# Naive Bayes Classifier

A <b>Naive Bayes classifier</b> is a probabilistic Machine Learning model that’s used for classification task. The crux of the classifier is based on the Bayes' theorem.

### Bayes' Theorem

$$ P(A/B) = \frac{P(B/A) * P(A)} {P(B)} $$ 
<br>
$$ posterior proababilty = \frac{likelihood * prior} {marginal} $$

Using Bayes theorem, we can find the probability of A happening, given that B has occurred. Here, B is the evidence and A is the hypothesis. 

### Assumptions

Naive Bayes Classifier assumes that <b>each feature acts independent of each other</b> i.e. the presence of one feature is unrelated to the presence or absence of another feature, even if those features are dependent on each other.     
In Layman terms, it beahves as if each feature contributes independently. <br>

So, "eat healthy avoid junk" would have the same effect/weightage as "eat junk avoid healthy".

### Types of Naive Bayes Classifier:

The different Naive Bayes classifiers differ mainly by the assumptions they make regarding the distribution of $ P(\frac{x_i}{y})$. <br>

#### Gaussian Naive Bayes:
When the predictors take up a continuous value and are not discrete, we assume that these values are sampled from a gaussian distribution. Since the way the values are present in the dataset changes, the formula for conditional probability changes to,
$$ 
P(\frac{x_i}{y}) = \frac{1}{\sqrt{2πσ_y^2}} exp(\frac{-(x_i-u_i)^2}{2σ_y^2})
$$


#### Multinomial Naive Bayes:
This is mostly used for document classification problem, i.e whether a document belongs to the category of sports, politics, technology etc.
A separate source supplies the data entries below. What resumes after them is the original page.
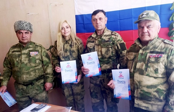 Зам главы Военно-городской администрации - Провандовская Вита Леонидовна, начальник пресс-центра Арман Людмила Анатольевна, волонтер Щепащенко Нина Сергеевна, начштаба города Токмак «Мы вместе с Россией» Куц Андрей Владимирович.
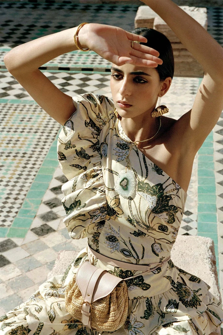 The Ondine one-shoulder dress is a season-favorite. Cut in pale yellow printed cotton poplin, this dress has a draped bodice that follows the contour of the body with a cascading ruffle down one side and into the skirt. Layered tiers add a lightness and sense of movement enhancing this midi-length party dress.
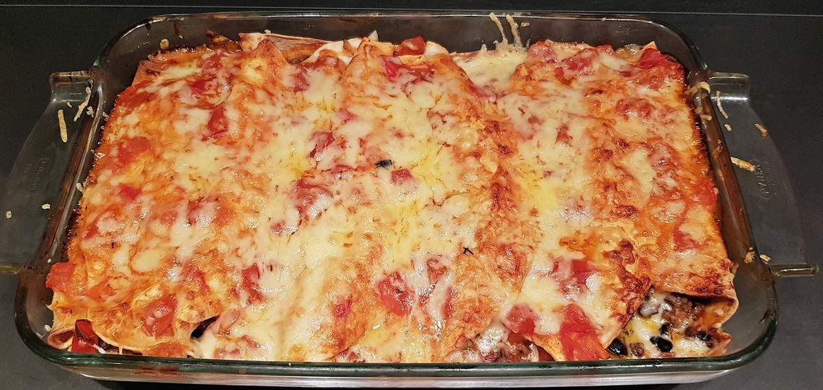 En deux mots, une farce à la viande de boeuf et aux haricots noirs à tomber, une sauce rouge à base de piment, de tomates, d'ail et d'origan et du Cheddar pour couronner le tout. Résultat: des Enchiladas parfaitement assaisonnées, onctueuses, gourmandes... addictives!
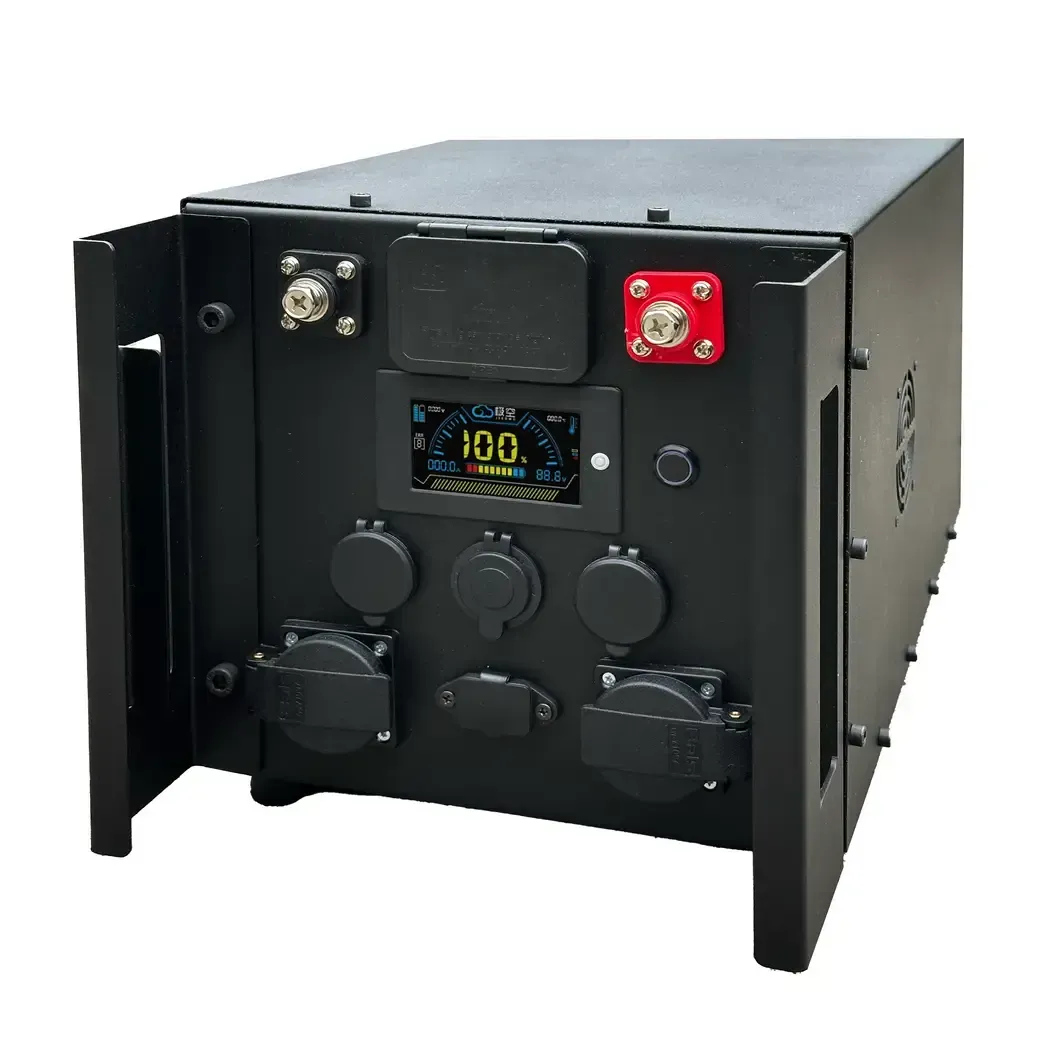 Portable charging station for electronic warfare. A reliable and powerful charging station with a 416 A/h (LiFePO4) battery provides autonomous power for your devices. Equipped with an inverter up to 2 kW, two 220 V outlets, USB-A ports (2 pcs.), USB-C (2 pcs.), a car lighter socket, and 12 V terminals. The built-in charger allows you to easily charge the station from the mains.
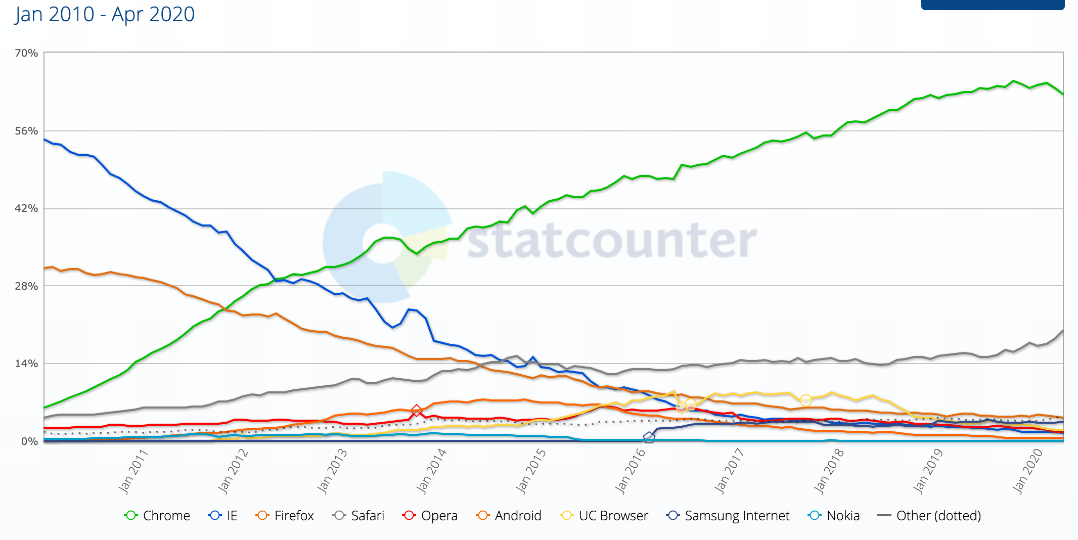 인터넷 익스플로러가 한때 전체 인터넷의 90%를 차지하던 시대가 있었습니다. 그러다가, 구글이 크롬 브라우저를 개발하기 시작했고, 크롬이 슬금슬금 대세 브라우저가 되었습니다.
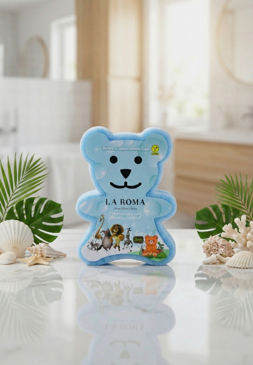 Transformă rutina zilnică de îngrijire într-un moment de răsfăț cu buretele cu săpun LA ROMA, în formă de ursulet. Datorită buretelui natural integrat, produsul curăță delicat pielea, lăsând-o catifelată și parfumată.
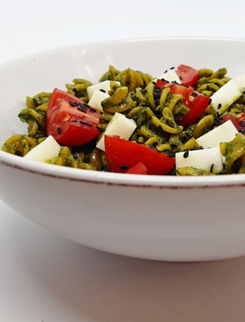 Zdravé bezlepkové cestoviny z cíceru. Cícerové cestoviny so špenátovým pestom.
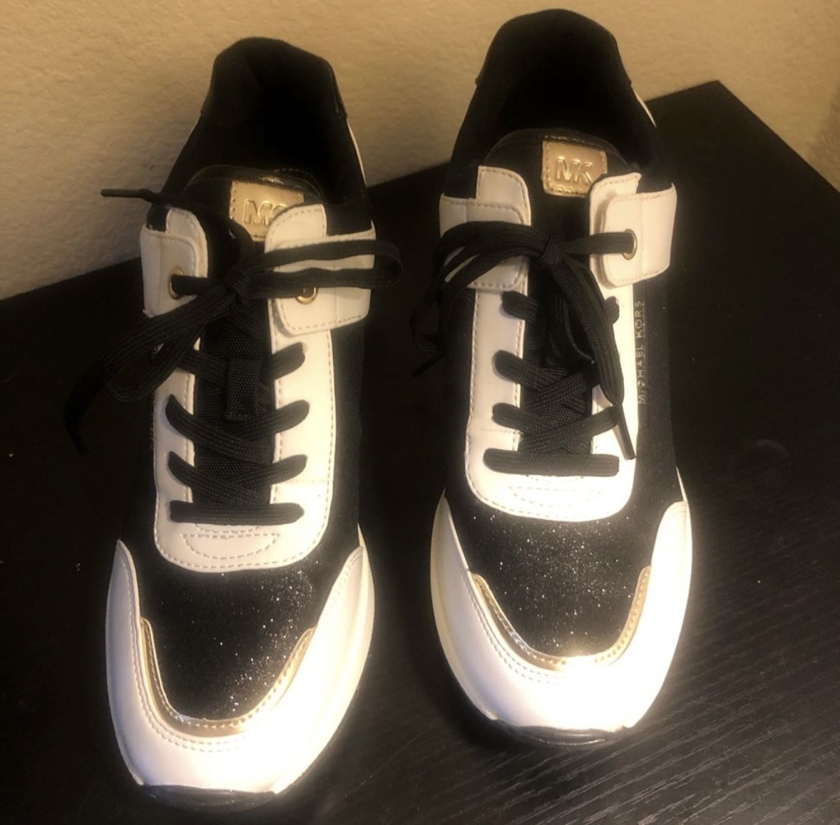 New without tags these stylish Michael Kors Liv trainers. They were designed to be as comfortable as they are modern. Made from canvas with patent trim and logo-print accent. DETAILS • 54% Flax/45% Cotton • Lining: 100% Textile • Sole: Rubber • Round Toe • Lace-Up Fastening • Heel Height: 2.5" • Heel Type: Wrapped Size 8
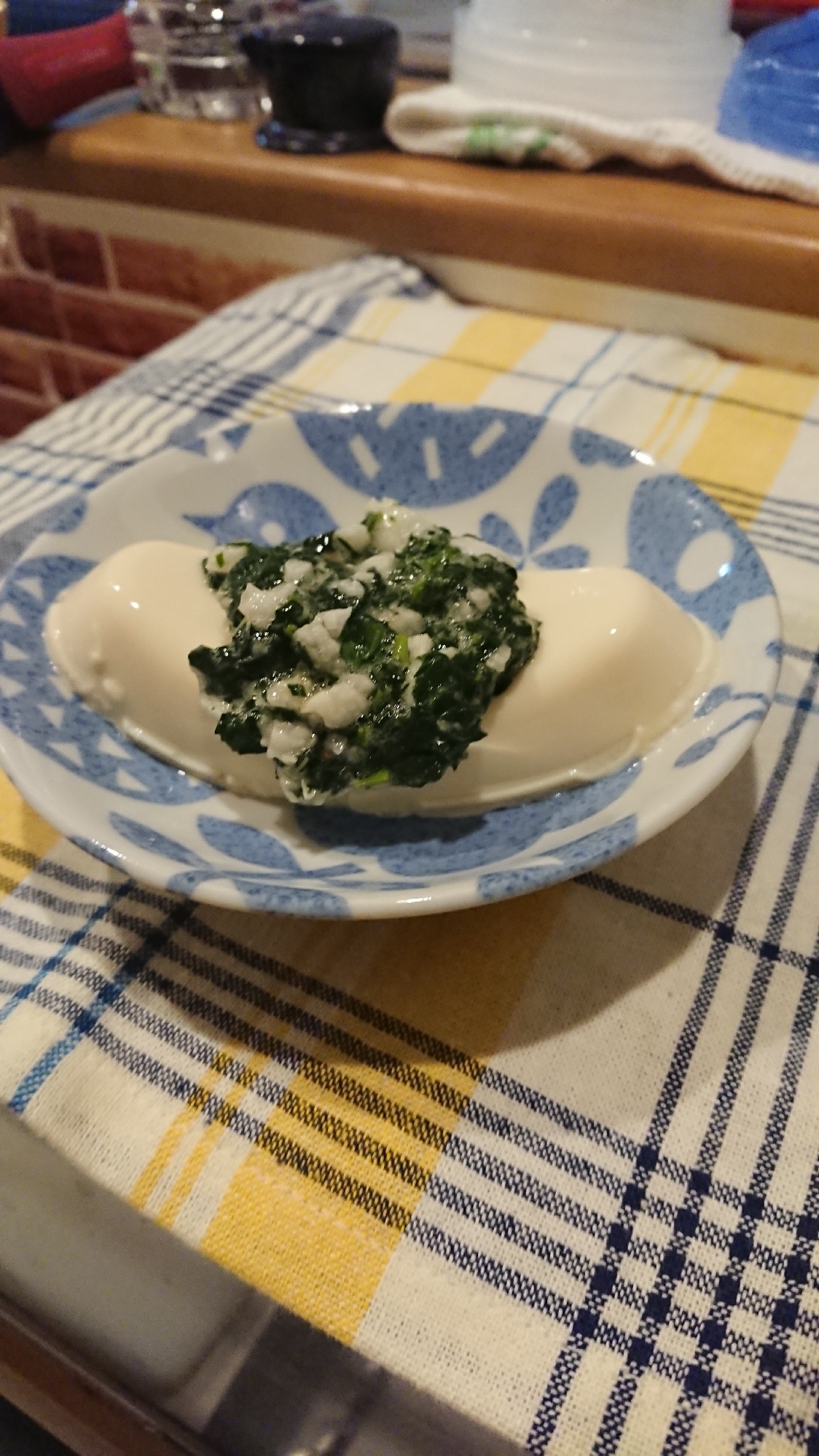 レシピタイトル:モロヘイヤと長芋の冷奴♡
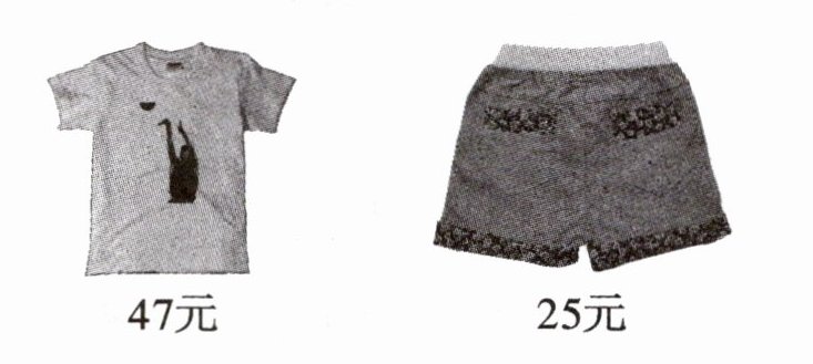 已知T恤$47$元,短裤$25$元,可列出算式$47 + 25$。
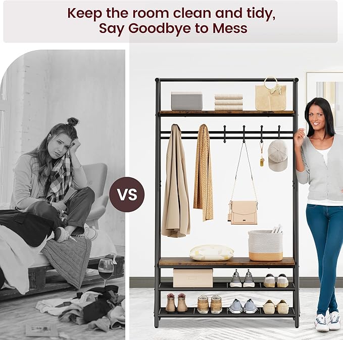 - 【Versatile & Convenient Entryway Solution】 More than just a coat rack, this unit provides a comfortable bench to sit on while putting on or taking off shoes. It’s the perfect organizational hub near your front door, in the mudroom, or even in a walk-in closet, helping you start and end your day in an orderly fashion.
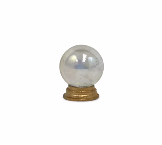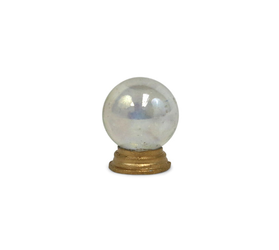 We see a new mini in your future... Crystal ball on gold-colored pedestal for sand tray therapy. This small piece may be used frequently. Made in U.S.A. ; 0.5" tall.

The features/predictors used by the classifier are the frequency of the words present in the document.

#### Bernoulli Naive Bayes:
This is similar to the multinomial naive bayes but the predictors are boolean variables. The parameters that we use to predict the class variable take up only values yes or no, for example if a word occurs in the text or not.

Other popular Naive Bayesian models are **Categorical** Naive Bayes and **Complement** Naive Bayes

### Advantages

- It is an easy and fast Classification algorithm. 
- When assumption of independence holds, a Naive Bayes classifier performs better compare to other sophisticated Classifcation models with less training data.
- It also performs well in multi-class prediction.

### Disadvantages

- If categorical variable has a feature (in test data set), which was not observed in training data set, then model will assign a 0 (zero) probability and will be unable to make a prediction. This is often known as *Zero Frequency*. To solve this, we can use the *smoothing technique*, such as Laplace estimation.
- Naive Bayes assumes independent predictors. In real life, it is almost impossible that we get a set of predictors which are completely independent.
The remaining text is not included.